--- START ---

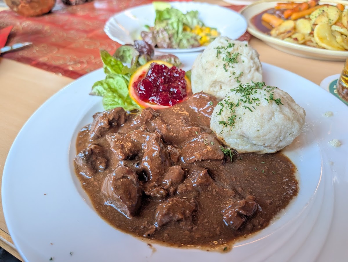The menu at Landgasthaus Zum Schleenhof is a celebration of regional specialties, offering something for everyone. From hearty meats like juicy steaks and tender roast pork to lighter fare such as fresh salads and flavorful fish dishes, each item is prepared with the finest ingredients. A standout on the menu is the famous "Schleenhof Schnitzel," a perfectly breaded and fried pork cutlet served with a side of crispy fries and creamy mushroom sauce. It's the perfect example of how traditional German dishes can be elevated with care and attention to detail.
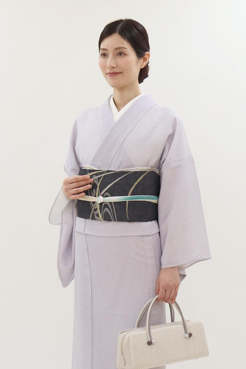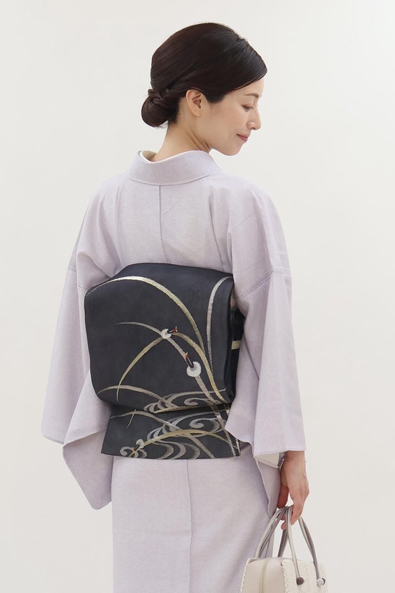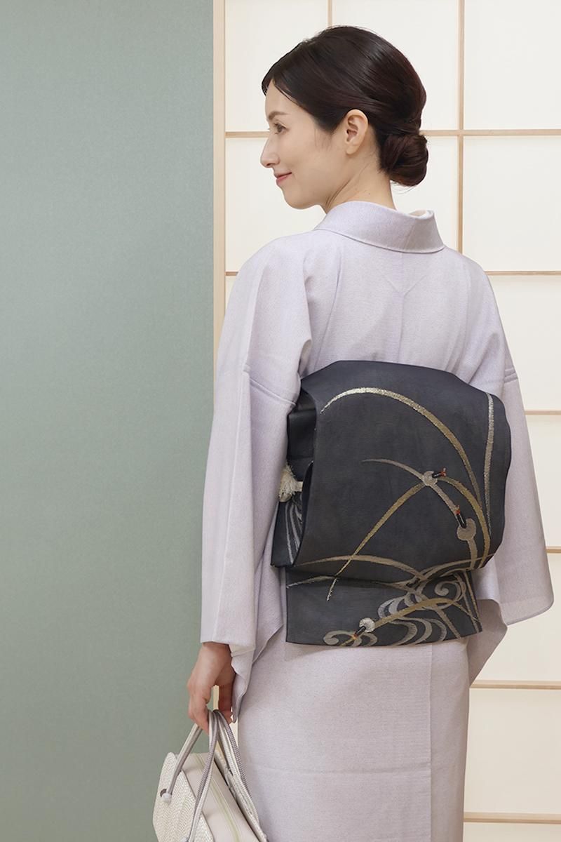 しゃりっとした風合いのシックなお色目に、金銀糸で表現された風情豊かな景色が、見る人の目にも涼やかな風を運ぶ一品、しっとりと落ち着いた色柄ゆきは年齢を問わずにお使い頂けそうですね。色無地や付下げなどに合わせて、涼感を運ぶ装いをお楽しみくださいませ。
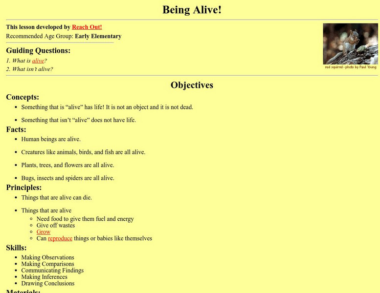 This site provides a basic lesson plan that classifies objects as alive or not alive. Good for early elementary.
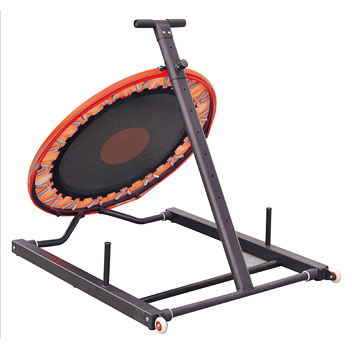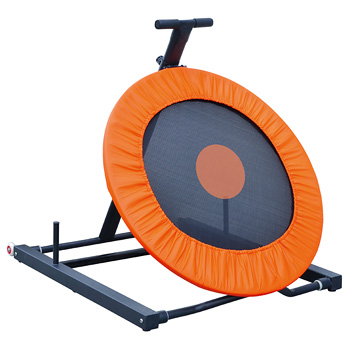 El rebounder combina un trampolín con una base antideslizante para realizar ejercicios de retorno con los balones medicinales. Puede ajustarse el ángulo del rebote.
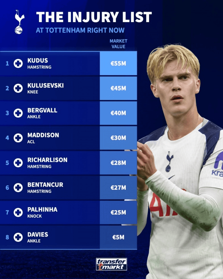 [流言板]熱刺隊內傷員身價:庫杜斯55M歐居首,板熱貝里庫盧、刺隊貝里瓦爾前三由虎撲足球資訊 發(fā)表在國際足球資訊 https://bbs.hupu.com/482
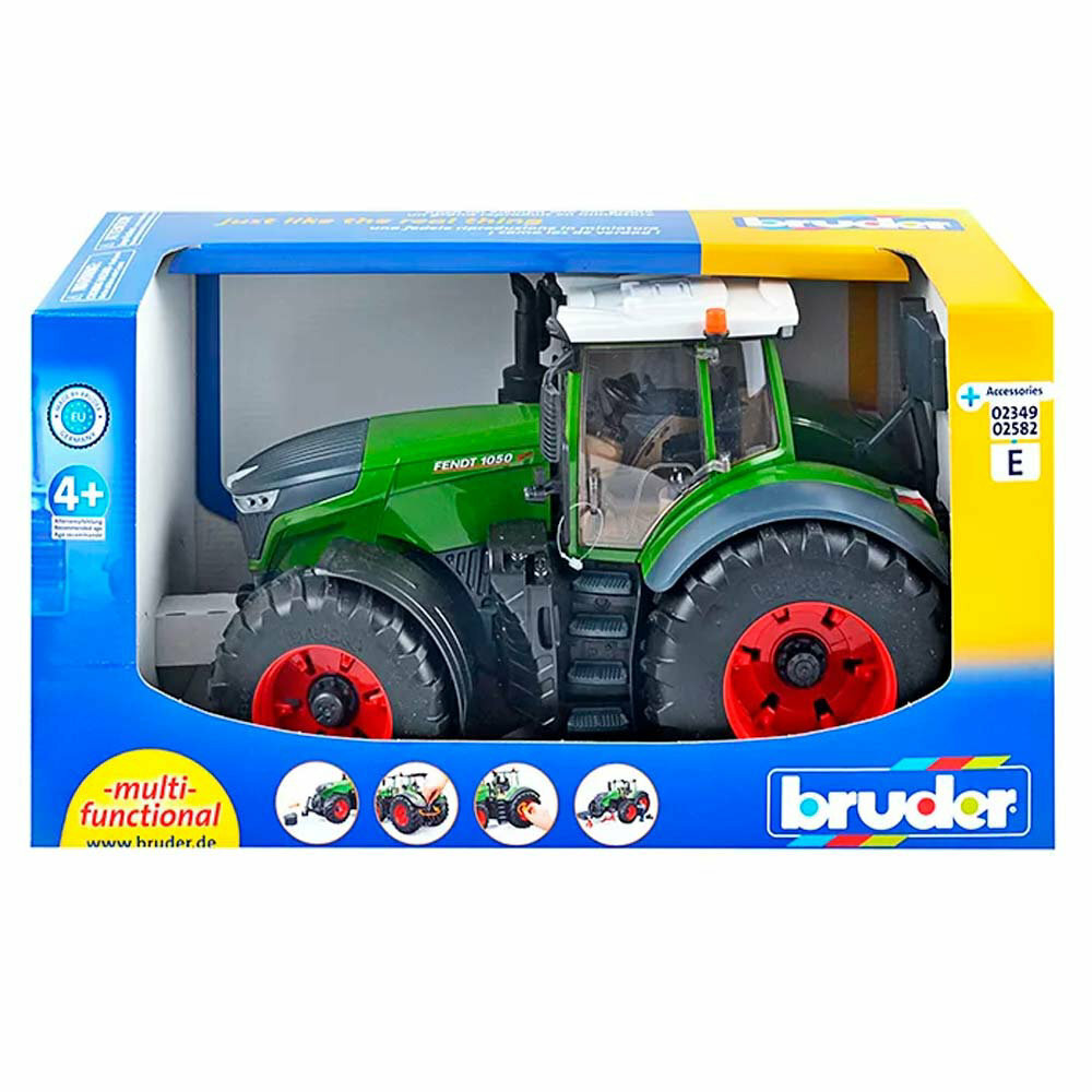 Bruder Трактор Fendt 1050 Коллекция юного любителя техники пополнится еще одной реалистичной копией сельскохозяйственного трактора Игрушка в точности повторяет модель Fendt 936 Vario, в том числе и характерный для конструкции фаркоп и тягово-сцепное устройство с регулируемым по высоте подъемным механизмом, с помощью которых изделие можно дополнить тематическими игровыми аксессуарами. Капот трактора открывается, позволяя рассмотреть его реалистичный двигатель, а при открывании дверей кабины дети внимательно изучат салон с сиденьем водителя и приборной панелью. Игрушка будет правдоподобно ездить по поверхности, так как ее широкие колеса с рельефными протекторами вращаются и позволяют игрушке двигаться. А поворачивать колеса можно с помощью дополнительного руля, доступ к которому осуществляется через крышу. Благодаря амортизаторам на передней оси трактора ему не страшны никакие препятствия на пути, и он без труда их преодолевает. Изделие выполнено из высококачественного пластика с повышенной прочностью, поэтому долгое время послужит ребенку и сохранит привлекательный внешний вид. Игрушка окрашена в яркие цвета сертифицированными, стойкими красителями и дополнена тематическими наклейками с названием бренда спецтехники. Примечание: игрушку можно дополнить различными модулями, фигурками, прицепами, сдвоенными колесами или аксессуарами, приобретаются отдельно.
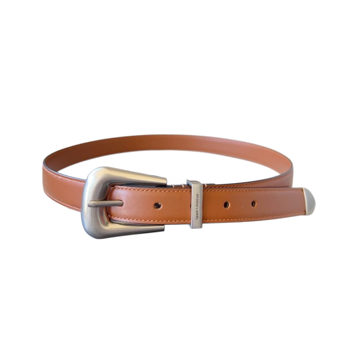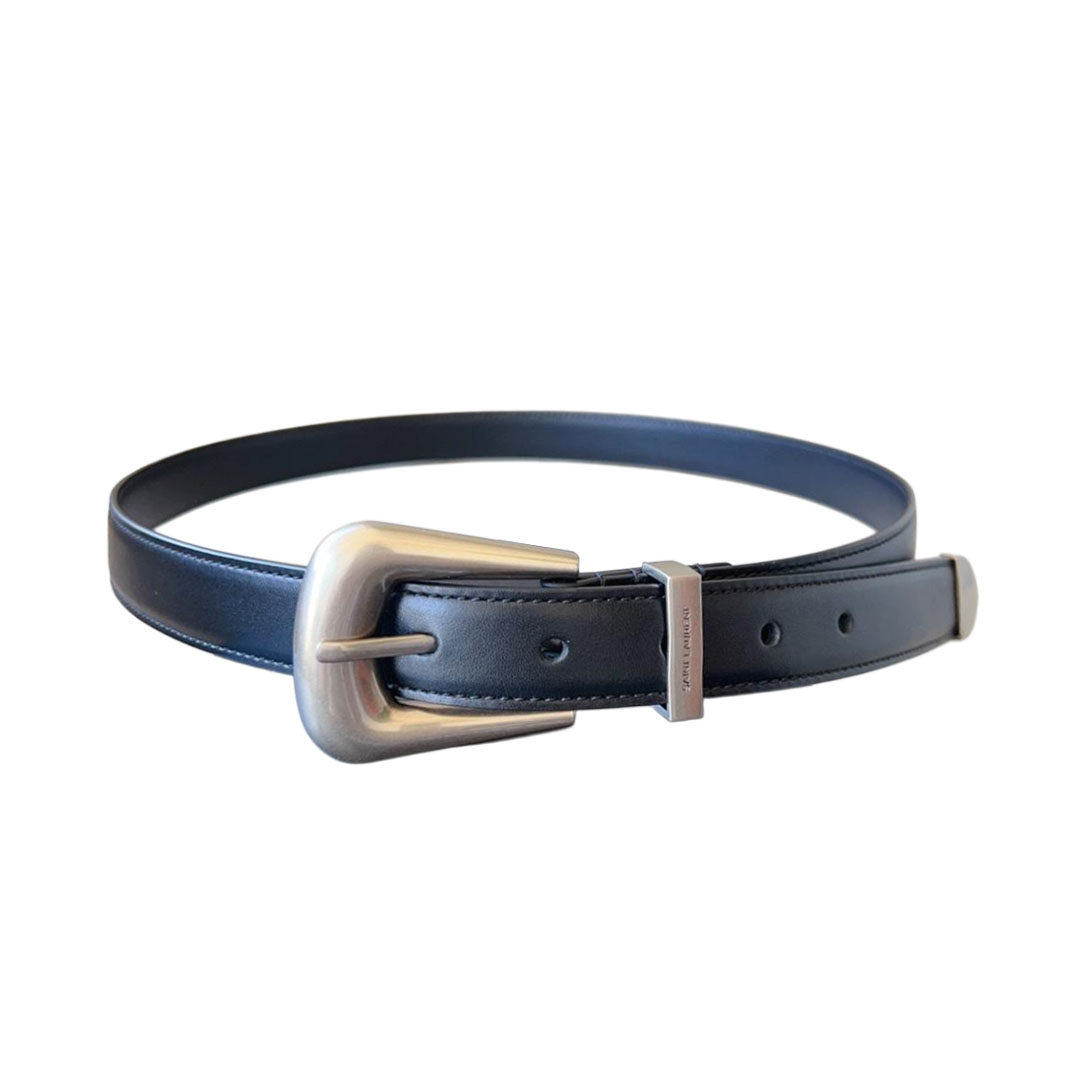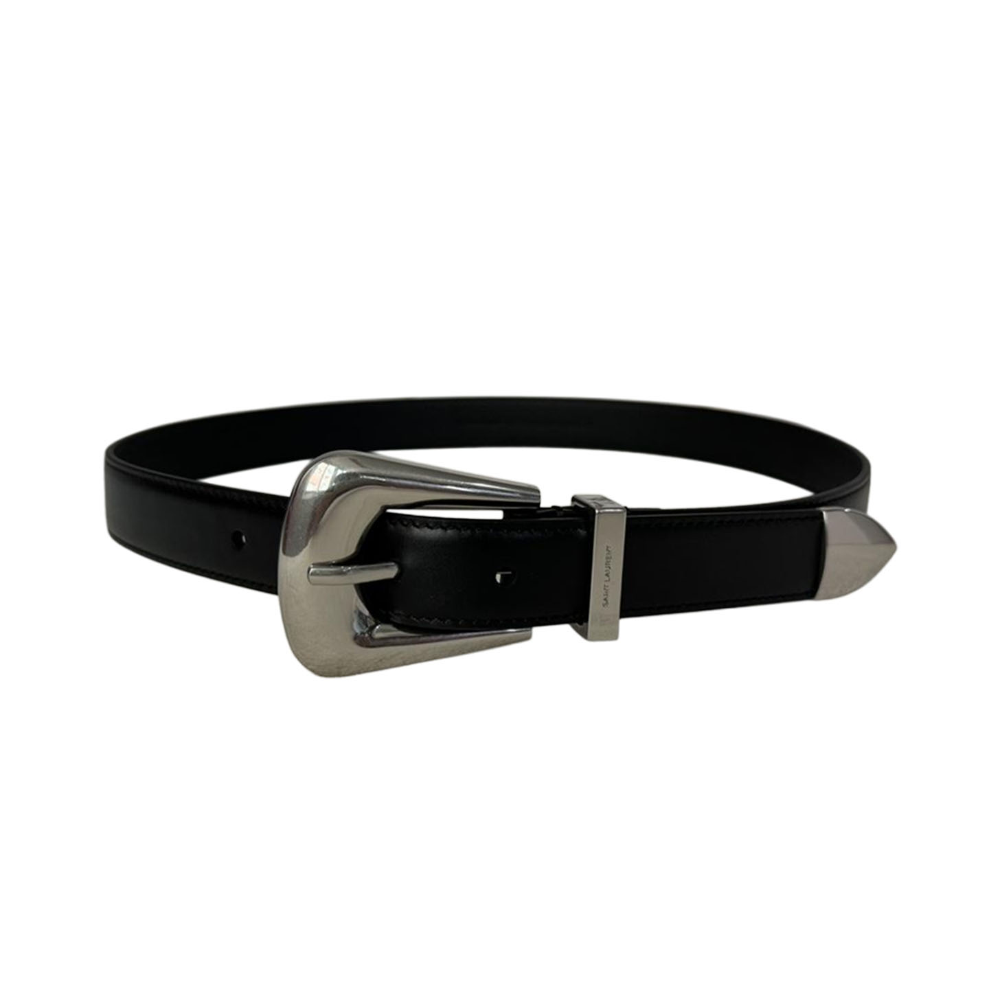 Saint Laurent Folk Buckle Belt In Black Brushed Leather With Gold/Silver Hardware 25mm

--- END ---

None of the pictures should appear; the rest of the entries must be reproduced exactly.

**Answer box**
The menu at Landgasthaus Zum Schleenhof is a celebration of regional specialties, offering something for everyone. From hearty meats like juicy steaks and tender roast pork to lighter fare such as fresh salads and flavorful fish dishes, each item is prepared with the finest ingredients. A standout on the menu is the famous "Schleenhof Schnitzel," a perfectly breaded and fried pork cutlet served with a side of crispy fries and creamy mushroom sauce. It's the perfect example of how traditional German dishes can be elevated with care and attention to detail.
 しゃりっとした風合いのシックなお色目に、金銀糸で表現された風情豊かな景色が、見る人の目にも涼やかな風を運ぶ一品、しっとりと落ち着いた色柄ゆきは年齢を問わずにお使い頂けそうですね。色無地や付下げなどに合わせて、涼感を運ぶ装いをお楽しみくださいませ。
 This site provides a basic lesson plan that classifies objects as alive or not alive. Good for early elementary.
 El rebounder combina un trampolín con una base antideslizante para realizar ejercicios de retorno con los balones medicinales. Puede ajustarse el ángulo del rebote.
 [流言板]熱刺隊內傷員身價:庫杜斯55M歐居首,板熱貝里庫盧、刺隊貝里瓦爾前三由虎撲足球資訊 發(fā)表在國際足球資訊 https://bbs.hupu.com/482
 Bruder Трактор Fendt 1050 Коллекция юного любителя техники пополнится еще одной реалистичной копией сельскохозяйственного трактора Игрушка в точности повторяет модель Fendt 936 Vario, в том числе и характерный для конструкции фаркоп и тягово-сцепное устройство с регулируемым по высоте подъемным механизмом, с помощью которых изделие можно дополнить тематическими игровыми аксессуарами. Капот трактора открывается, позволяя рассмотреть его реалистичный двигатель, а при открывании дверей кабины дети внимательно изучат салон с сиденьем водителя и приборной панелью. Игрушка будет правдоподобно ездить по поверхности, так как ее широкие колеса с рельефными протекторами вращаются и позволяют игрушке двигаться. А поворачивать колеса можно с помощью дополнительного руля, доступ к которому осуществляется через крышу. Благодаря амортизаторам на передней оси трактора ему не страшны никакие препятствия на пути, и он без труда их преодолевает. Изделие выполнено из высококачественного пластика с повышенной прочностью, поэтому долгое время послужит ребенку и сохранит привлекательный внешний вид. Игрушка окрашена в яркие цвета сертифицированными, стойкими красителями и дополнена тематическими наклейками с названием бренда спецтехники. Примечание: игрушку можно дополнить различными модулями, фигурками, прицепами, сдвоенными колесами или аксессуарами, приобретаются отдельно.
 Saint Laurent Folk Buckle Belt In Black Brushed Leather With Gold/Silver Hardware 25mm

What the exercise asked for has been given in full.